Stochastic Gates (STG) - Original implementation from Yamada et al. 2020. Uses Gaussian-based continuous relaxation of Bernoulli variables.

Reference: “Learning Feature Sparse Principal Subspace” (Yamada et al., ICML 2020)

__init__(input_dim: int, sigma: float = 0.5, device: str = 'cpu')[source]

Initialize internal Module state, shared by both nn.Module and ScriptModule.

forward(x: Tensor) Tensor[source]

Apply stochastic gates to input features.

regularization_loss() Tensor[source]

Compute regularization: sum of probabilities of selection.

get_selection_probs() Tensor[source]

Get selection probabilities for each feature.

class SToG.selectors.STELayer(input_dim: int, device: str = 'cpu')[source]

Bases: BaseFeatureSelector

Straight-Through Estimator for feature selection. Uses binary gates with gradient flow through sigmoid.

Reference: “Estimating or Propagating Gradients Through Stochastic Neurons for Conditional Computation” (Bengio et al., 2013)

__init__(input_dim: int, device: str = 'cpu')[source]

Initialize internal Module state, shared by both nn.Module and ScriptModule.

forward(x: Tensor) Tensor[source]

Apply straight-through gates to input features.

regularization_loss() Tensor[source]

Compute regularization: sum of selection probabilities.

get_selection_probs() Tensor[source]

Get selection probabilities for each feature.

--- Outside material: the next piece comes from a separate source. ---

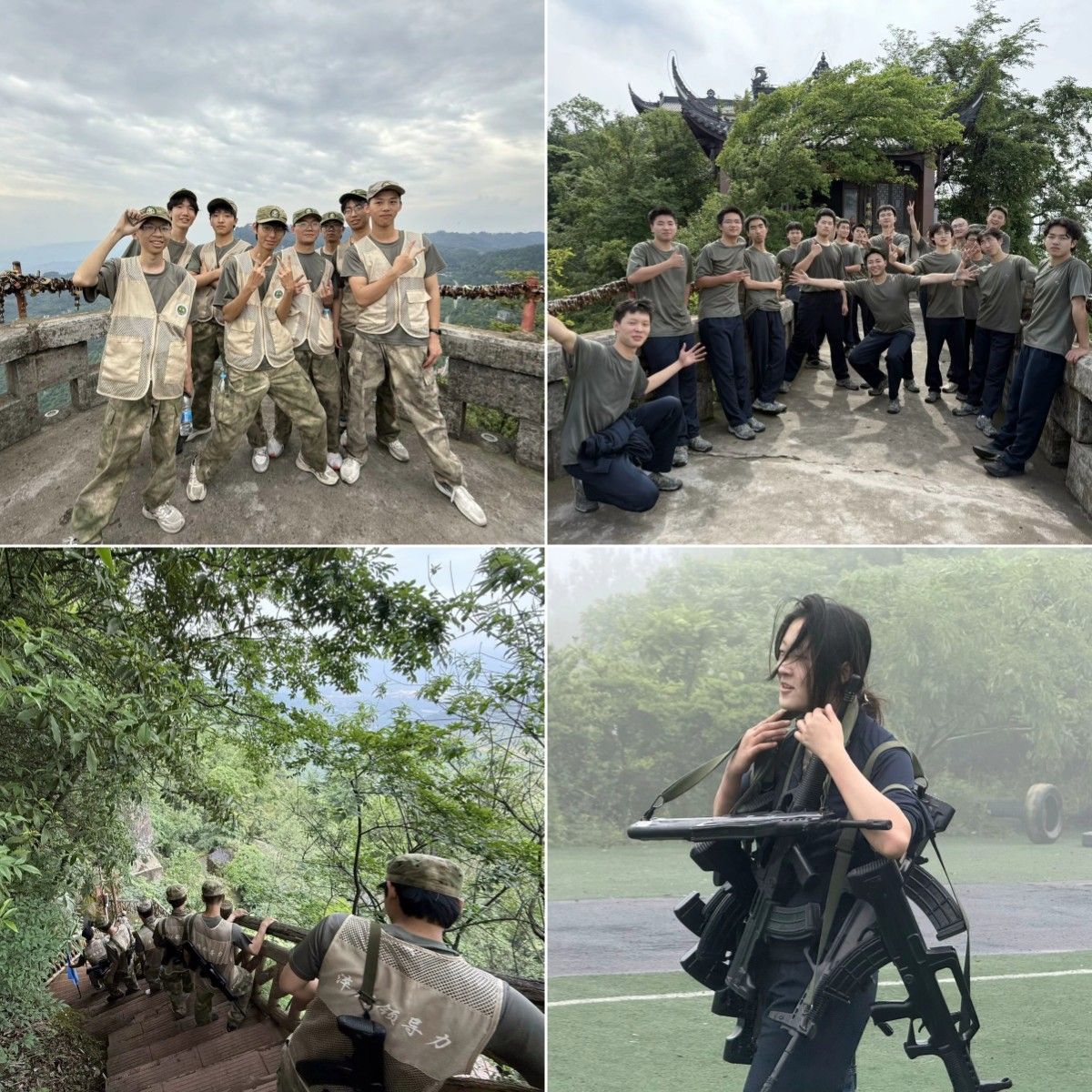 暮春的古剑山还带着阵阵寒意,迷彩裤上的露珠却比朝阳先一步折射出光。4月至5月间,重庆移通学院计算机学院班团骨干与校“国防体育”运动代表队共计65位学员,于“古剑山军事化训练基地”陆续历经“淬炼”领导力训练营的锻造。当18公里重装拉练的脚印刻进山径,当野外炊事的烟火熏染迷彩,这群学子在泥沼与星辰交织的征程中,完成了一场领导力的突围战。

class SToG.selectors.GumbelLayer(input_dim: int, temperature: float = 1.0, device: str = 'cpu')[source]

Bases: BaseFeatureSelector

Gumbel-Softmax based feature selector. Uses categorical distribution over {off, on} for each feature.

Reference: “Categorical Reparameterization with Gumbel-Softmax” (Jang et al., ICLR 2017)

Fixed implementation: Properly handles batch dimension and sampling.

__init__(input_dim: int, temperature: float = 1.0, device: str = 'cpu')[source]

Initialize internal Module state, shared by both nn.Module and ScriptModule.

forward(x: Tensor) Tensor[source]

Apply Gumbel-Softmax gates to input features.

Parameters:

x – Input tensor of shape [batch_size, input_dim]

Returns:

Gated input tensor

regularization_loss() Tensor[source]

Compute regularization: sum of “on” state probabilities.

get_selection_probs() Tensor[source]

Get selection probabilities for each feature.

set_temperature(temperature: float)[source]

Update temperature for annealing schedule.

class SToG.selectors.CorrelatedSTGLayer(input_dim: int, sigma: float = 0.5, group_penalty: float = 0.1, device: str = 'cpu')[source]

Bases: BaseFeatureSelector

STG with explicit handling of correlated features. Based on “Adaptive Group Sparse Regularization for Deep Neural Networks”. Uses group structure to handle feature correlation.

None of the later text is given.